Let’s see how the Ryan Pearson of Pearson Games, designer of Mercenaries does, shall we?
BGB: Attention is money, my friend. What is the elevator pitch for Mercenaries?
Ryan Pearson: Mercenaries is a deck-building RPG with tactical movement, skirmish and dungeon crawling elements. Each player is a Mercenary, seeking to delve into a dungeon or location to clear out Monsters. As these are not grand heroes of valor- they only care about themselves. Only the player who lands the killing blow gets the EXP and victory points. Players use the EXP to buy new cards for their deck- which they’ll need to as monsters they kill also end up in their deck, gumming it up with cards that don’t do anything (until the end of the game for victory points).
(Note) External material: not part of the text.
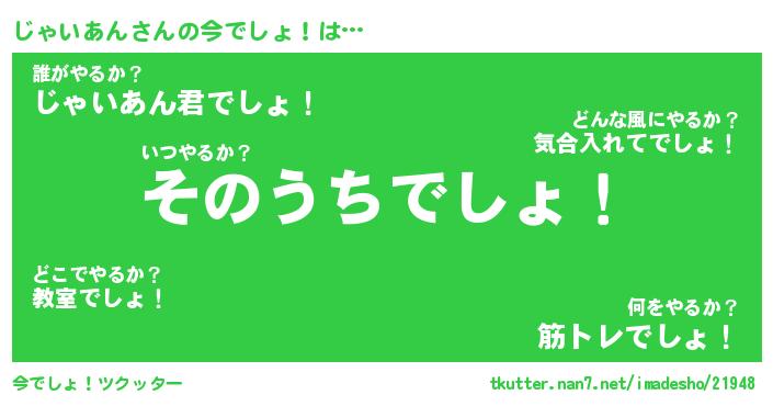 | 男性向けラノベタイトル風あだ名 | 『じゃいあんの憂鬱』 |
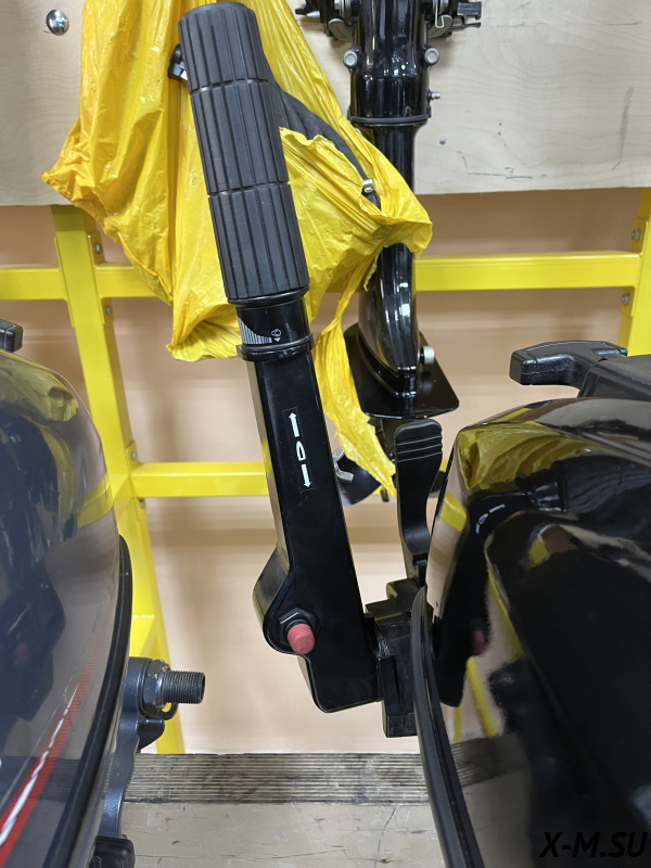 Переключение передач осуществляется рычагом в передней части мотора. положений у рычага три - вперед, нейтраль, назад. Кнопка остановки двигателя находится на румпеле, она снабжена предохранительной чекой экстренного выключения.

That combined with the games 6 x 6 grid and movement means you can manipulate other players by making it harder for them to reach a monster- or let something nasty charge towards them!
BGB: Making games is hard work, so you best have a great reason for making this thing. What inspired this game?
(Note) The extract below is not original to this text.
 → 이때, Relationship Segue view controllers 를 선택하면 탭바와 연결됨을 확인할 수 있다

Ryan Pearson: Me (Ryan) and Colin (my Uncle) have had a long love of boardgames and RPGs including D&D, Descent, Summoner Wars, Dominion, Battlelore, Thunderstone, and (for more mature gamers) Hero Quest. We’d always make house rules to games to fix balancing issues, give them more bite or to get them just how we liked them. In a sort of epiphany moment, I exclaimed to Colin one day, “That’s exactly the mindset people who makes games have. Why don’t we?” So we did. We took inspiration from what we love about the games we like and used it as a basis for Mercenaries.
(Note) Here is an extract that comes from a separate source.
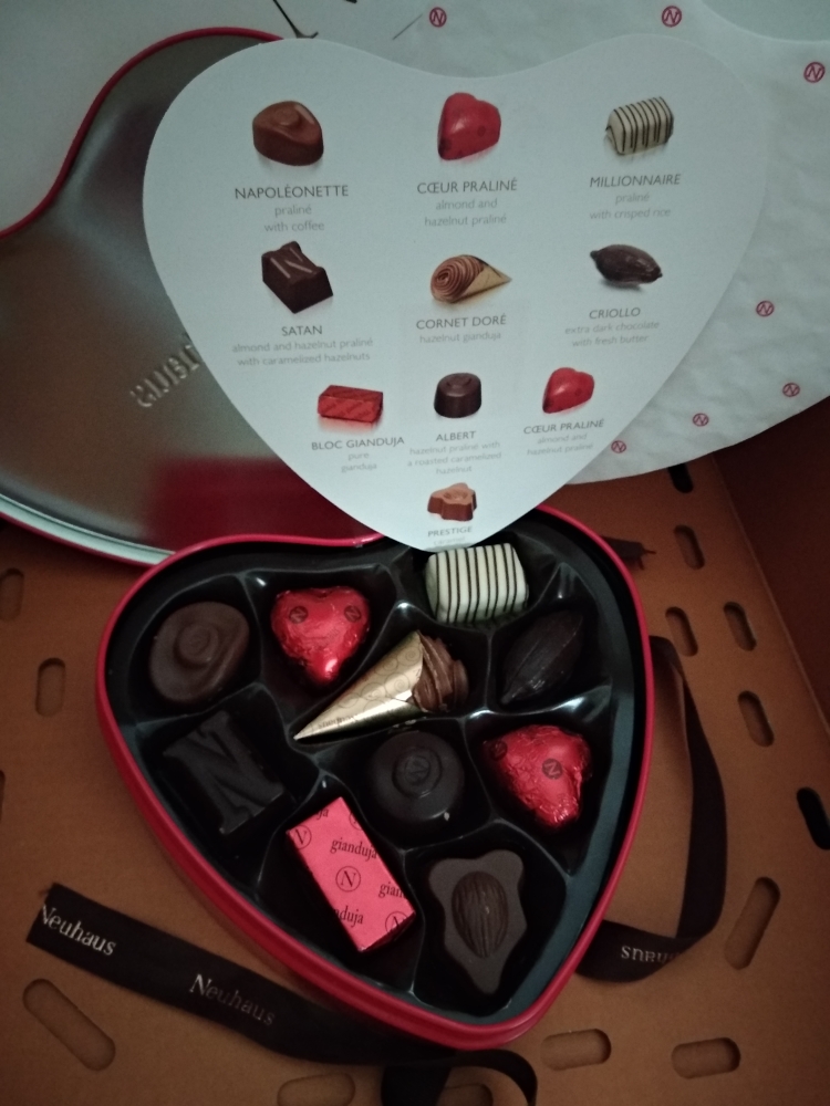 有10个形状,10种口味,做工精致。巧克力盒内有产品介绍及另外一层保鲜的纸。打开铁盖后即刻被浓香可可味包围,密封性能好。

BGB: There are too many games out there. What hole in my game collection does this fill?
Ryan Pearson: We noticed that no game combined deck-building (a deck that cycles through constantly that you can add to) with tactical movement. It was always a pre-fixed deck or no battlefield. Further, deck-building games often rely on currency you have in your hand at that time. Making the focus of the game balancing your offense to kill monsters (or just beat their number a’la Top Trumps) and currency to buy new stuff. It lacks the bite of an RPG or a TCG – which is then often buffed up with random elements like dice rolls – and can be finished in half an hour. With Mercenaries, Monsters don’t just vanish as soon as they see a bigger number – you’ve got to whittle them down. You can buy cards for your deck as long as you meet the conditions (have enough EXP and specific requirements for each type of card – i.e., Healing Potions can only be purchased after you kill something).
The game is for longer gaming sessions with plenty of strategy, that doesn’t require a splatbook or endless notes. And the only luck is from what you draw (which you can manipulate with what you put in your deck and cards you play) and who ranged monsters target. If you thought Dominion, Thunderstone, or Descent needed to have a bit more going on, Mercenaries will satisfy that craving.
BGB: This is Boardgame Babylon, so out with your dirty secrets. What DON’T you want to tell me about this game?
Ryan Pearson: We’re planning to support it with free content. Sure we will have expansions packs which can be purchased, but we’re going to upload our own combinations of Monsters, Abilities, Skills, and Room cards for more adventures. And if fans email in their own combinations for adventures, we are happy to host them! So, while the base set of Mercenaries has 4 adventures, that number can grow once you cultivate more.
So there’s that, and that we are more like brothers than uncle & nephew. That includes the teasing.
BGB: Thanks for telling us a bit about Mercenaries. Let’s wrap up with the key specifics (play time, number of players, and the link to the game) and also, since I think you can tell a lot about a person by understanding their sense of humor, what’s a good joke to close this interviewette?
Ryan Pearson: The game supports 2 to 4 players (5 if you include a DM to control the monsters) and can be played competitively or cooperatively. The game has 4 adventures which take approximately 3 hours to complete.
Colin likes the classic jokes. A horse walks into a bar. The barman asks “Why the long face?”
DISCLOSURE: Boardgame Babylon is not liable for damage to your sensibilities from the jokes these game designers submit.